Human-Machine Inference Networks For Smart Decision Making: Opportunities and Challenges
Aditya Vempaty, Bhavya Kailkhura, Pramod K. Varshney

TL;DR
This paper reviews Human-Machine Inference Networks (HuMaINs), highlighting their architecture, inference algorithms, security challenges, and diverse applications, emphasizing their potential to outperform standalone human or machine inference.
Contribution
It provides a comprehensive overview of HuMaINs architecture, addressing design, inference algorithms, security/privacy issues, and practical use cases, outlining future research directions.
Findings
HuMaINs combine human and machine strengths for improved inference performance.
Novel signal processing and machine learning solutions are needed for HuMaINs.

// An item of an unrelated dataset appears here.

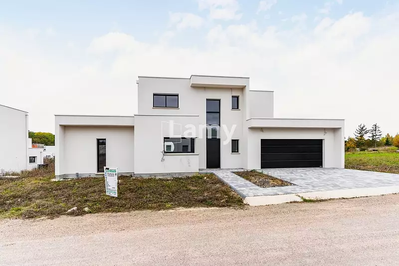 MARLY – Le GOLF DE MARLYLAMY vous présente cette sublime maison au cœur du Golf de Marly.C’est une maison neuve et bénéficie d’un taux réduit de 2,5% pour frais de notaire. Ce produit extraordinaire et rare à la vente, offrira une vue sur la noue du lotissement qui sera arborée, les baies de la pièce de vie sont orientées vers cette nature, et donne accès à un terrain de 8,25 ares. Sa superficie est de 173,58m² habitable + un garage et grand cellier/buanderie de 52,30m². Toutes les finitions de la maison sont terminées, du meuble d’entrée, aux magnifiques pièces d’eaux, ou encore les brises soleils. Elle se compose d’une grande entrée bénéficiant d’une belle lumière naturelle grâce à la baie sur double niveau qui habille la maison dès le début, d’un WC, puis d’un superbe espace de vie tout hauteur, ouvert sur une cuisine toute équipée avec électroménager SMEG de 72m². Une porte invisible permet d’accéder au garage et au cellier/buanderie de la maison. Le rez-de-chaussée bénéficie également d’une superbe chambre parentale avec son propre dressing et sa propre salle de douche et WC. Un sublime escalier habille également la pièce de vie, pour nous laisser accéder à une grande salle de bains et douche avec des finitions de très bons goûts, puis à 2 chambres spacieuses de plus de 15m² et d’un WC. Chauffage avec pompe à chaleur électrique. Pour plus de renseignements, vous pouvez contacter Marine FORSTER au 06 60 04 64 67 ou . Ville à proximité : à 15 minutes de METZ VILLE, moins de 10 minutes de AUGNY, LOUVIGNY, CUVRY, PELTRE, MONTIGNY-LES-METZ… Accès d’autoroute direction THIONVILLE et Luxembourg en 5 minutes. OPPORTUNITE RARE !

Security and privacy are critical challenges in HuMaINs deployment.
Abstract
The emerging paradigm of Human-Machine Inference Networks (HuMaINs) combines complementary cognitive strengths of humans and machines in an intelligent manner to tackle various inference tasks and achieves higher performance than either humans or machines by themselves. While inference performance optimization techniques for human-only or sensor-only networks are quite mature, HuMaINs require novel signal processing and machine learning solutions. In this paper, we present an overview of the HuMaINs architecture with a focus on three main issues that include architecture design, inference algorithms including security/privacy challenges, and application areas/use cases.